It seems that we must see language, along with the reality language describes/creates, existing in a hierarchy. At the top we have God, who in Christian theology can only be defined as Father, Son, and Holy Spirit, one God in three persons. Then at the bottom we have words like “green,” a collection of phonetic sounds that can refer to a color, a newbie on the job, a person with sea-sickness, and so on. Yet while these phonetic sounds can take on meanings essentially unrelated to each other, they each manifest connections to a particular idea. More fluidity in language exists at the bottom of the mountain, but . . . not chaos. Then somewhere in the middle of reality, we have words such as “male and female,” which have more defined limits, along with a degree of contextual meaning.

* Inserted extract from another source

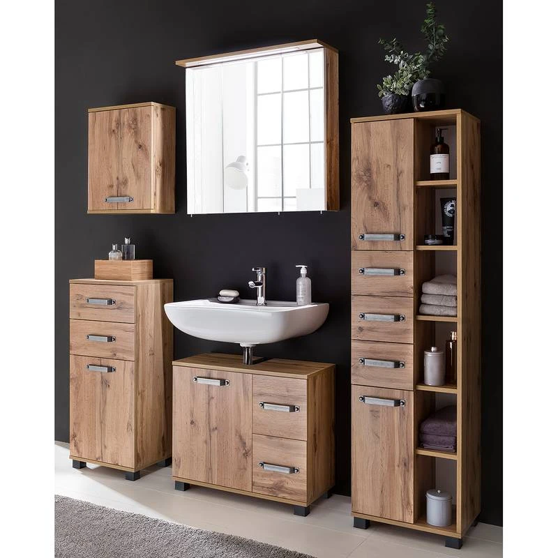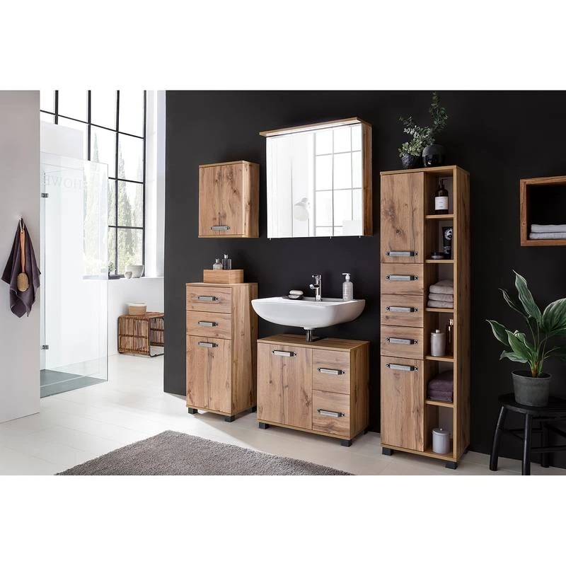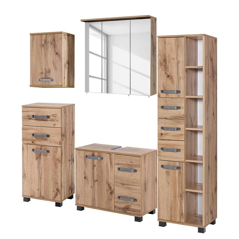 - Contenu de la livraison : Ensemble de salle de bain comprenant 1 meuble sous lavabo, 1 colonne de salle de bain, 1 meuble bas, 1 meuble haut et 1 armoire de toilette avec éclairage

Though the Cratylus fails to stick the landing on a unified theory of language, Socrates rightly intuits that correct naming is a “beautiful work.” We recognize beauty when we recognize a pattern, a pattern of the marriage of heaven and earth, of unity and diversity.^^ When this reality gets warped both the language absolutist and the language relativist both destroy the beauty of language and its meaning. Contrary to some, language is not a tool of power, but of meaning. When weaponized we lose beauty, wisdom, and also power. For in reality, power cannot truly exist without its connection to Heaven.
*I should state now that I am a rank amateur in my knowledge of Plato and Aristotle. My critique is not meant to deny their rightful place in the history of philosophy.

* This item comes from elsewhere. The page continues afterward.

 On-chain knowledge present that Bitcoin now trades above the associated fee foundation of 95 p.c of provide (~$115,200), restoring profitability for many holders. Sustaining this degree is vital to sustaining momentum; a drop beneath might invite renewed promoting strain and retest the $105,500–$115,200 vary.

**Here we see more evidence of Andrew Kern’s suggestion that weaving and wisdom are interrelated in the ancient world, thus, the Luddites rebellion against mechanical looms had little to do with economics and much more to do with maintaining meaning and coherence in society.
^This dilemma is really no dilemma at all to those who understand Christian theology. The Church has always said that the answer to the above dilemma involves splitting the horns–things are “good” because God made them, and are stamped with God’s being and character.
^^I will attempt an explanation of my meaning by thinking about a spectacular sunset. We look up, and see light from above-that’s purity/Heaven. The light then transforms, becomes more fluid/diverse as it interacts with matter, the stuff of Earth. This combination produces the beauty we are drawn to.
While only God is eternal and infinite, this union of Heaven and Earth will continue into eternity. In His resurrection Christ continues to have a physical body. And when He returns, He will descend, and we will rise to “meet Him in the air.”